Metagenome community profiling
The relative abundance of the dereplicated bins was calculated by first mapping the reads from each sample to each using CoverM ‘make’ and removing low quality mappings with CoverM ‘filter’ (minimum identity 95% and minimum aligned percent of 75%). The mean coverage of each bin was then calculated with CoverM and the relative abundance of each, among those obtained, was calculated as its coverage divided by the total summed coverage of all bins (S1 Table).
To obtain a broader assessment of the community composition of each sample, the microbial community profiler SingleM (ver. 0.16.0) was used [45]. Taxonomic profiling tools typically rely on databases derived from reference genomes [46–50], limiting abundance calculations to known species while missing novel taxa [45]. In contrast, SingleM can identify lineages where no genome exists. Briefly, it achieves this by a) analyzing only those reads which cover highly conserved regions of single copy marker genes, b) clustering these reads de novo into operational taxonomic units (OTUs), independent of existing taxonomies, c) taxonomically classifying OTUs against the Genome Taxonomy Database (GTDB) [51,52], d) per marker gene, estimating the relative abundance of each taxon based on OTU classifications, and e) calculating a trimmed mean abundance taken across all the marker genes [45]. The bacterial and archaeal community composition of each sample was therefore determined by classifying those raw reads corresponding to 59 single-copy genes using the ‘pipe’ tool from SingleM, based on taxonomies derived from the GTDB R08-RS214. SingleM ‘condense’ was used to produce a single OTU table containing the trimmed mean coverage across each lineage, calculated across all genes. The relative abundance of each lineage was then calculated as its respective coverage divided by the total summed coverage for each sample. Shannon diversity was calculated for each sample from genus level mean coverage values from SingleM using phyloseq (ver. 1.50.0) [53]. Finally, Nonpareil was run on the quality-controlled reads using the k-mer alignment method to assess the fraction of the microbial community sampled by sequencing [54,55]. Community abundance stacked bar charts were created using the R package ggplot (ver. 3.4.4) [56], and heatmaps with Complex Heatmap (ver. 2.16.0) [57].

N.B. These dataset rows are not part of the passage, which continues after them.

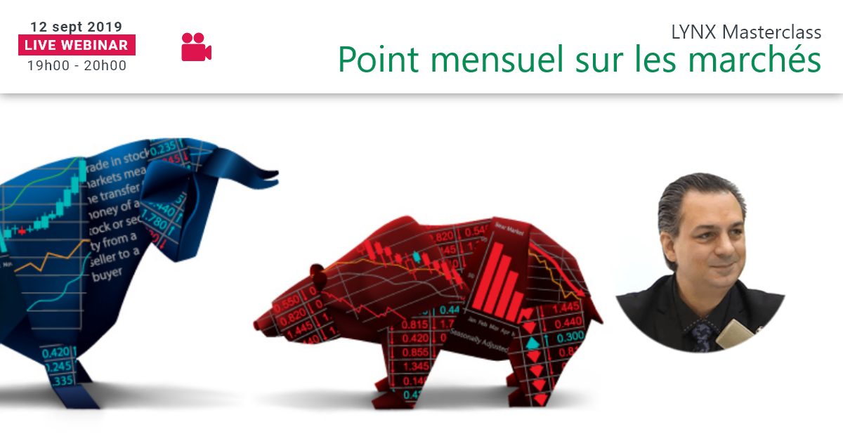Point Mensuel sur les Marchés : Septembre - LYNX Masterclass avec Benoit FERNANDEZ-RIOU Dans ce webinaire récurrent, nous ferons le point en détail sur les marchés financiers. Suite à une analyse approfondie, nous envisagerons des perspectives et des opportunités sur un horizon swing trading. Au cours de ce webinaire y seront abordés les principaux indices (CAC, DAX notamment), les devises majeures (Dollar, Euro, Sterling, Yen…) et selon l’actualité certaines paires exotiques et commodities.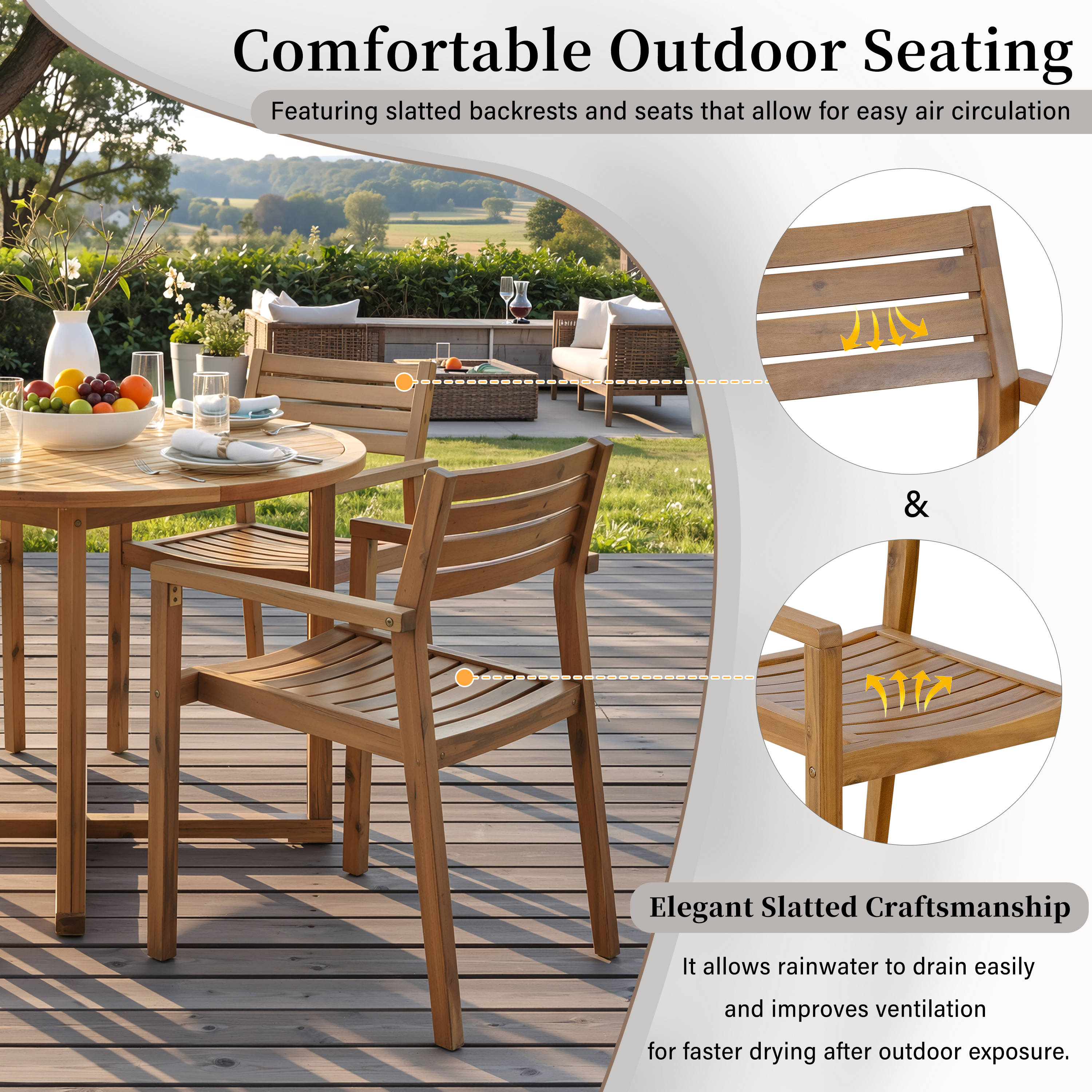 • [Ergonomically Designed Chairs]:Each chair is crafted for comfort with an ergonomic design, featuring slatted wood seats and backrests that promote relaxation during long outdoor meals.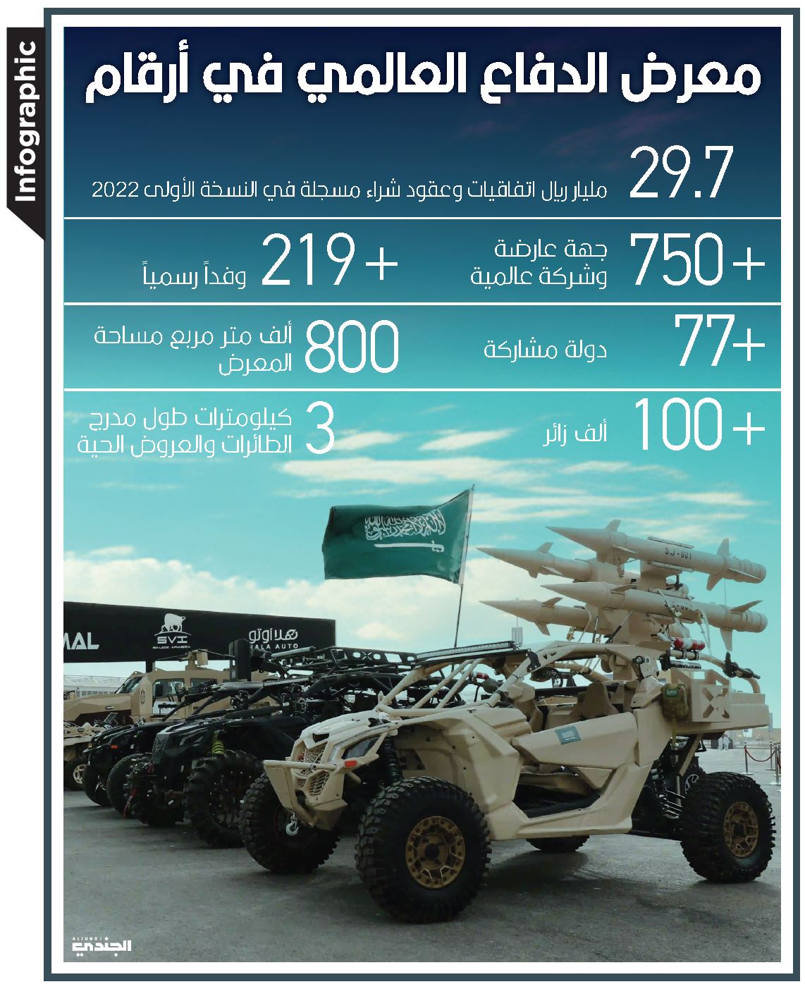 معرض الدفاع العالمي يسهم في تحقيق مستهدفات رؤية المملكة 2030 بشأن تبادل المعرفة وتوطين أكثر من 50% من الإنفاق على المعدات والخدمات العسكرية بحلول 2030. وأضافت أن معرض الدفاع يشكل بيئة جاذبة وحاضنة للمبدعين في مجالات التصنيع العسكري، موضحة أنه يوجد جسر من التواصل بين الموردين والمشترين بهدف إثراء الشراكات الاستراتيجية الدولية فيما يتعلق بالابتكارات العسكرية. ويعد معرض الدفاع العالمي، أحد إنجازات الهيئة العامة للصناعات العسكرية التي تسابق الزمن من أجل الوصول إلى الريادة العالمية في التصنيع العسكري محلياً، حيث تمكنت من الوصول بتوطين التقنيات العسكرية إلى نسبة 12% بنهاية عام 2021، وتواصل السعي الحثيث للوصول نسبة توطين 50% من الإنفاق العسكري بحلول 2030.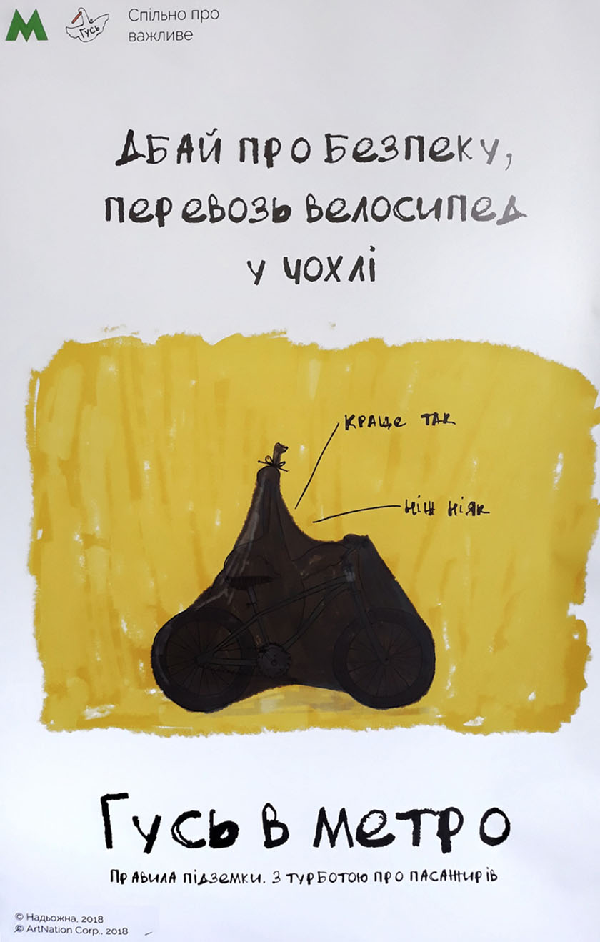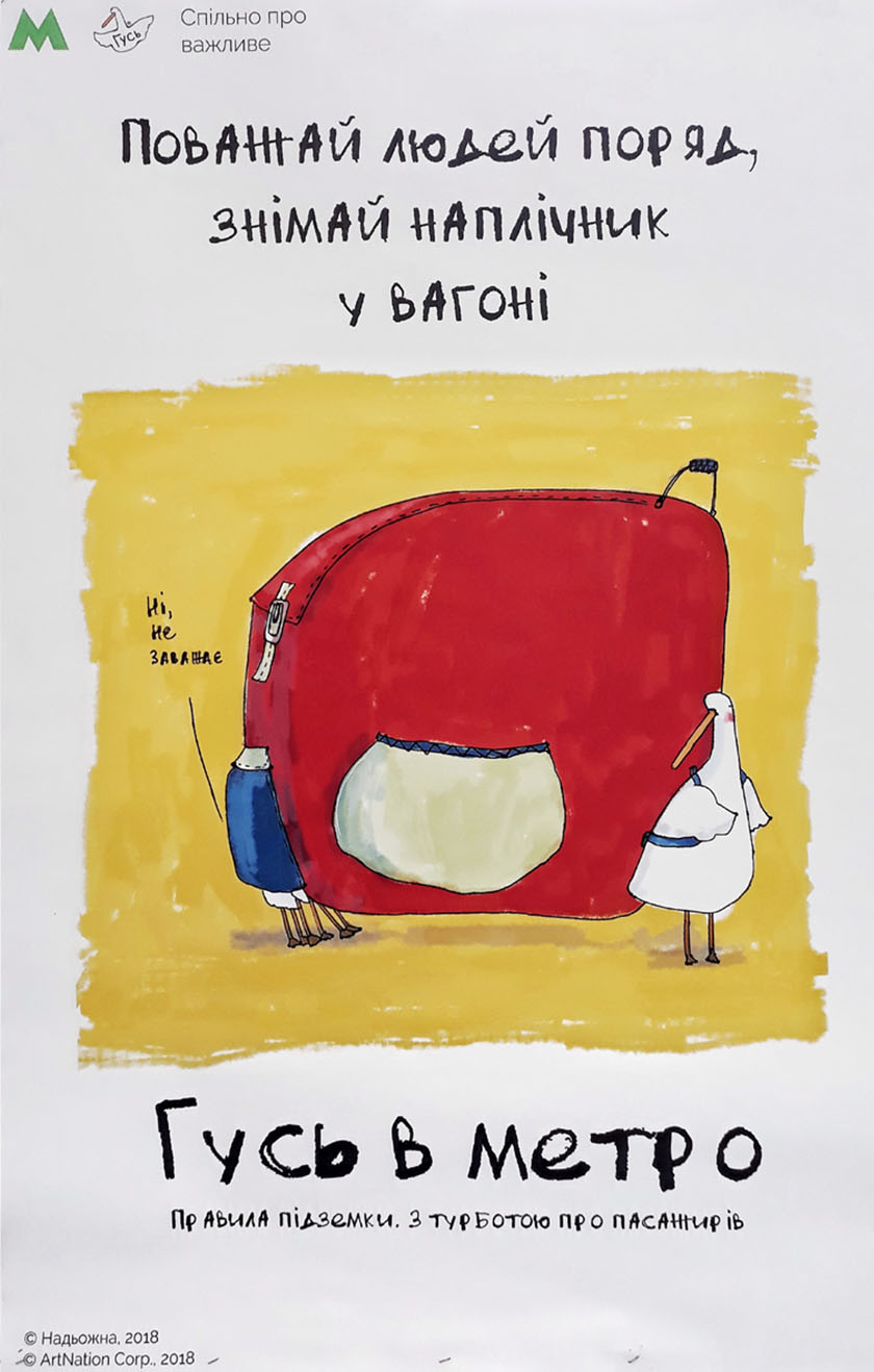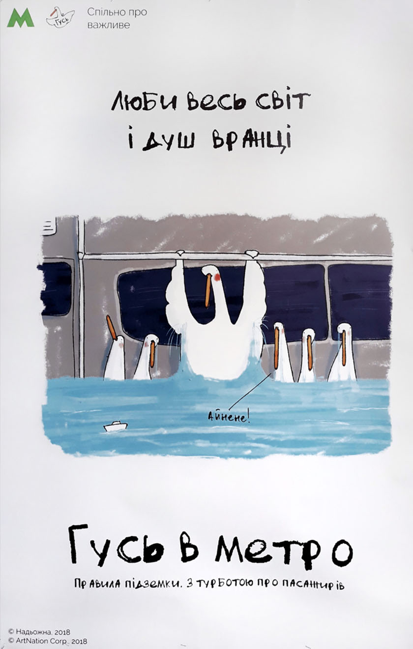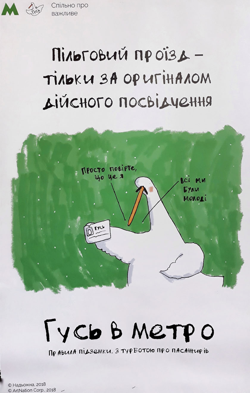 Найпопулярніший вітчизняний фейсбук-персонаж Гусь на постерах у столичному метро буде давати поради щодо поведінки у підземці, закликати до ввічливості та, звісно, жартувати.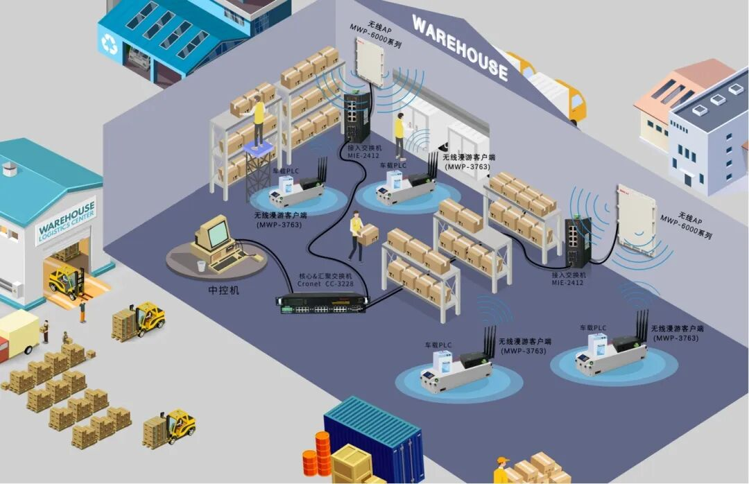 智能仓储系统由搬运、存取、输送和分拣四大系统构成,并以智能AGV为核心贯穿全流程。上海兆越通讯为此打造的AGV智能仓储解决方案,通过无线AP与漫游客户端构建高可靠网络,无缝连接导航定位、驱动控制系统与管理平台。该方案能实时回传AGV状态与视频数据至控制中心,实现精准调度与运维监控,关键解决了移动过程中无线网络稳定覆盖与AP间快速漫游的挑战,确保AGV系统高效稳定运行。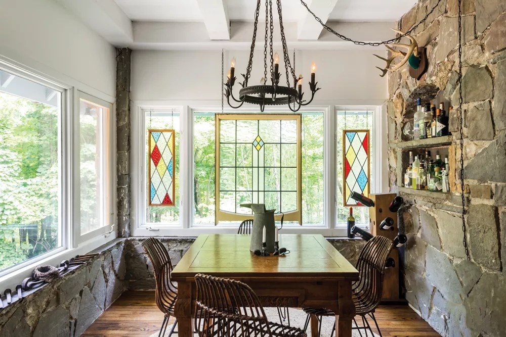 Gironda and Facci suspect their dining area was once an outdoor porch that was eventually enclosed. They left one of the bluestone walls exposed and accentuated the stone walls and trim by adding an iron chandelier. A cut-out in the stone wall serves as an ad hoc bar. Credit: Winona Barton Ballentine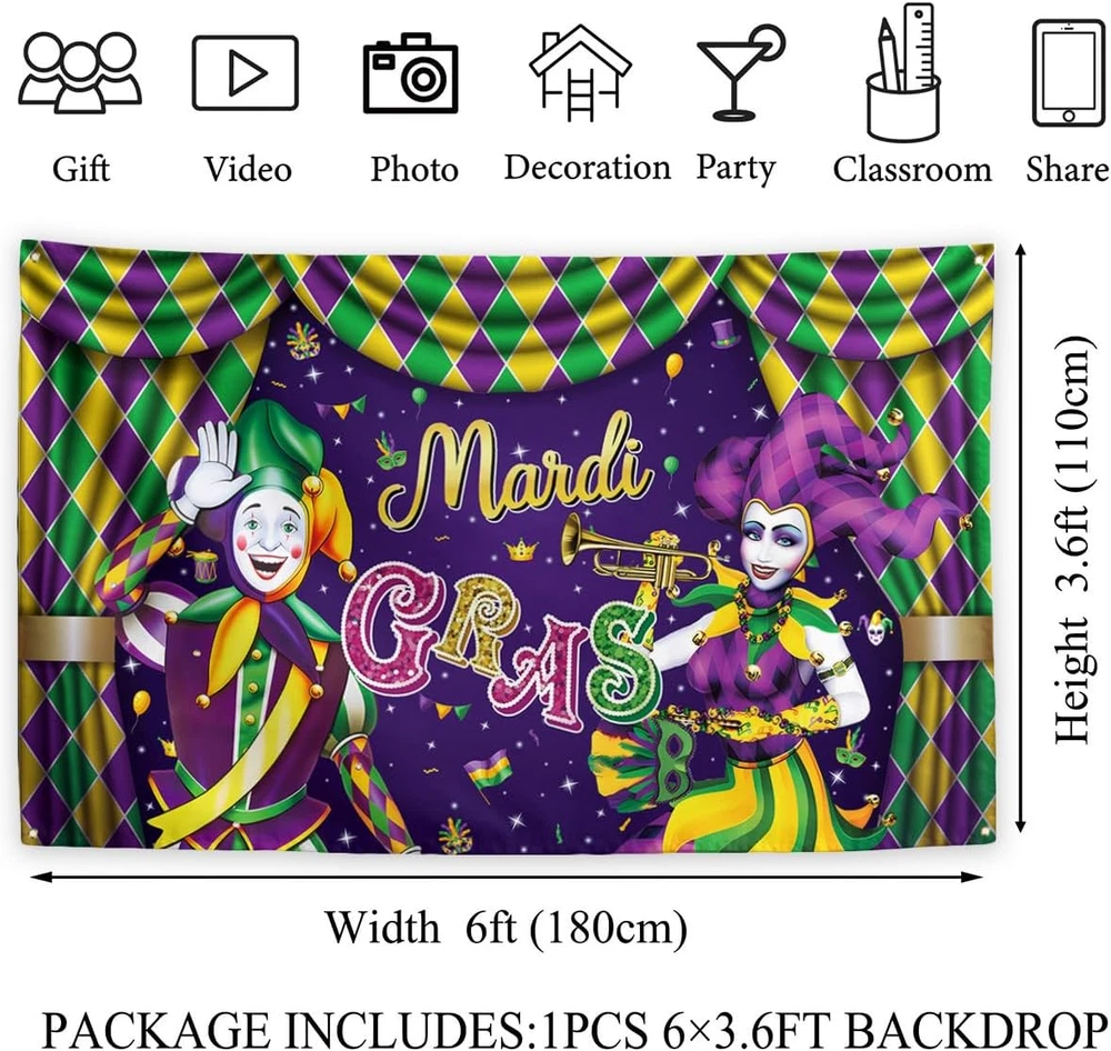 Store New Arrivals Add to Favorite View Feedback Contact Fast deliveries to the customer's home Quality customer service John Make the customers happy! Mardi Gras Decorations New Orleans Brazi Carnival Backdrop Fat Tuesday Banner Masquerade Decor Mardi Gras Decorations for Home Party Description [Material]:This backdrop is made of high-quality material,100% polyester fabric, which is not easy to wrinkle or fade,and can be reused. [Size]:Our backdrop size is approximately 71 × 43 inches(180cm×110cm), large enough to attract people's attention. [Package listing]:Only 1pcs backdrop is included,Backdrop Stand or Clips are Not included. [Easy to hang]:Our background fabric can be hung anywhere you want. There are 4 metal grommets in each corner for easy hanging. Our background fabric is light enough to be hung with tacks, tape, or jute rope, making it perfect for indoor or outdoor use. (Note: Tools such as tacks, tape, or ropes are not included.) [Occasion]:Used for photography, photography, studio, home decoration, wallpaper, wall background scenes or decorations. Also suitable for various holiday parties and gatherings, adding a festive atmosphere. Used for photography, photography, studio, home decoration, wallpaper, wall background scenes or decorations. Also suitable for various holiday parties and gatherings, adding a festive atmosphere. Item model number banner Color B-113 Product Dimensions 71"L x 43"W Item Weight 4.8 ounces Occasion Martin Luther King Jr. Day, Mardi Gras ABOUT US We offer the best prices around on high quality products. Our E-store includes media such as books, movies, music and games while offering electronics, toys, sporting apparel, clothing, tools, general home, garden items and more. SHIPPING We are always working hard to ensure your package arrives as soon as possible. Please understand that some factors like weather, high postal traffic, and the performance of shipping companies are outside of our control. We offer free shipping to the lower 48 states and ship within 2 business days of payment, usually sooner. We do not accept P.O. Boxes. Please provide a physical address. For shipping outside of the continental USA, we only use eBay's Global Shipping Program. The item is shipped to KY and then sent to the rest of the world. International customers are responsible for all duties and taxes. Continue to 'check out' to calculate costs for shipping the item to your country. Messages regarding eBay's Global Shipping Program MUST be directed at eBay EXCLUSIVELY. RETURNS We offer a 30-Day Return Policy on items in which you are not completely satisfied with. You have the option of a full-refund or an exchange of the item. No returns are available on items shipped outside of the USA PAYMENT We accept PayPal. CONTACT US This page content is yet to come Please ad us to your favorite seller and visit again later Thank You CUSTOMER SATISFACTION We try our very best to make sure every customer is completely satisfied. If there's a problem, message us! We're happy to help. WE ACCEPT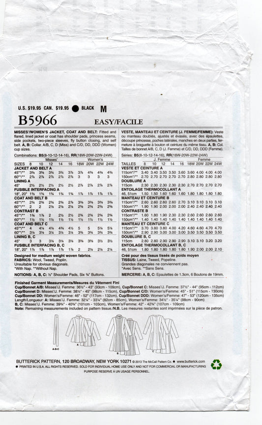 Patrón de costura de chaqueta y cinturón ajustados y acampanados para mujer Butterick 5966, talla 18-24, sin cortar, doblado de fábrica

Gene extraction, and identification and classification of P450s
Protein-coding sequences (CDS) in the assembled scaffolds and bins were first predicted using Pyrodigal (ver. 2.0.2) [58], a Python library binding to Prodigal [59], in metagenomic mode. Sequences with start and stop codons, i.e., theoretically complete open reading frames, were extracted using mfqe [60] (ver. 0.5.0). Complete protein sequences (1,966,993) were clustered at 100% protein identity using CD-HIT (ver. 4.8.1) [61], with all members of each cluster required to have at least 80% of their sequence overlapping with the longest (seed) sequence. Protein sequences containing the cytochrome P450 domain (PF00067) were identified using HMMER hmmscan (ver. 3.3.2; -E 1e-5) [62] and by aligning the protein sequences against the CYPED database [63] with DIAMOND blastp (--evalue 0.00001, --query-cover 50, --subject-cover 50, --id 15) [64]. Of the 4,064 putative P450 sequences identified (2,730 BLAST, 1,334 HMMER), 311 were identified as complete P450s after manual inspection. The selected sequences were aligned using MAFFT (--localpair, ver. 7.455) [65], and the resulting alignment trimmed using trimAl (-automated1, ver. 1.4.1) [66]. A phylogenetic tree was then constructed using IQ-Tree (model LG + R7, ver. 2.1.2) [67] with 1,000 bootstraps and visualized using tvBOT [68]. Approximately 117 of the identified P450 sequences were either not found in a genome bin or were found in a bin with a poorly resolved taxonomic classification, i.e., the bin could not be taxonomically classified below the class level. For these sequences, similar sequences were searched for among the representative genomes from the GTDB (R08-R214) using MMseqs (ver. 13.45111; --min-seq-id 0.7 -c 0.7) [69], and the best hit was used to annotate the corresponding host-lineage in the phylogenetic tree.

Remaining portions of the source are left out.